Study for the Ohio Insurance Test. Prepare with flashcards and multiple choice questions, each question accompanied by hints and explanations. Excel in your exam!

Each practice test/flash card set has 50 randomly selected questions from a bank of over 500. You'll get a new set of questions each time!

Practice this question and more.


According to the time of payment of claims provision, the insurer must make the payment immediately after receiving proof of loss EXCEPT for which type of claim?

  1. A claim involving accidental death benefits.

  2. A claim involving periodic payments.

  3. A claim for property damage.

  4. A claim made due to natural disasters.

The correct answer is: A claim involving periodic payments.

The time of payment of claims provision in insurance policies stipulates that insurers are required to settle claims promptly after they receive adequate proof of loss. However, certain types of claims may not necessitate an immediate payment because they involve ongoing obligations from the insurer.
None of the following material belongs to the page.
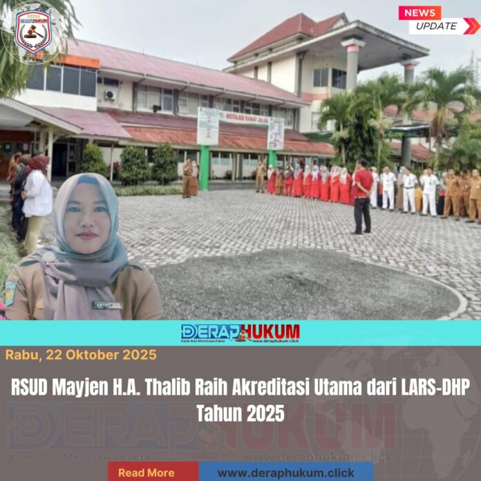 Sungai Penuh, Jambi | Deraphukum.click | Rumah Sakit Umum Daerah (RSUD) Mayjen H.A. Thalib Sungai Penuh sukses meraih status Akreditasi Utama (Bintang Empat) dari Lembaga Akreditasi Rumah Sakit Damar Husada Paripurna (LARS-DHP) pada tahun 2025. Pencapaian ini diraih di bawah kepemimpinan Direktur RSUD, Deby Zartika, S.Kep., M.Biomed.

Periodic payment claims require the insurer to make payments in installments over a designated period rather than as a lump sum. This means that the insurer's obligation extends beyond a single settlement event; rather, it encompasses continuous payments as defined in the policy. Because these claims might involve multiple payment dates over time, the insurer is typically allowed a different timeframe for payment relative to a one-time claim. In contrast, claims involving accidental death benefits, property damage, or claims made due to natural disasters usually result in a singular payment response after the submission of proof of loss, requiring prompt action to meet the claimant's immediate financial needs. This distinction clarifies why periodic payments do not adhere to the same immediate payment stipulation as other claim types.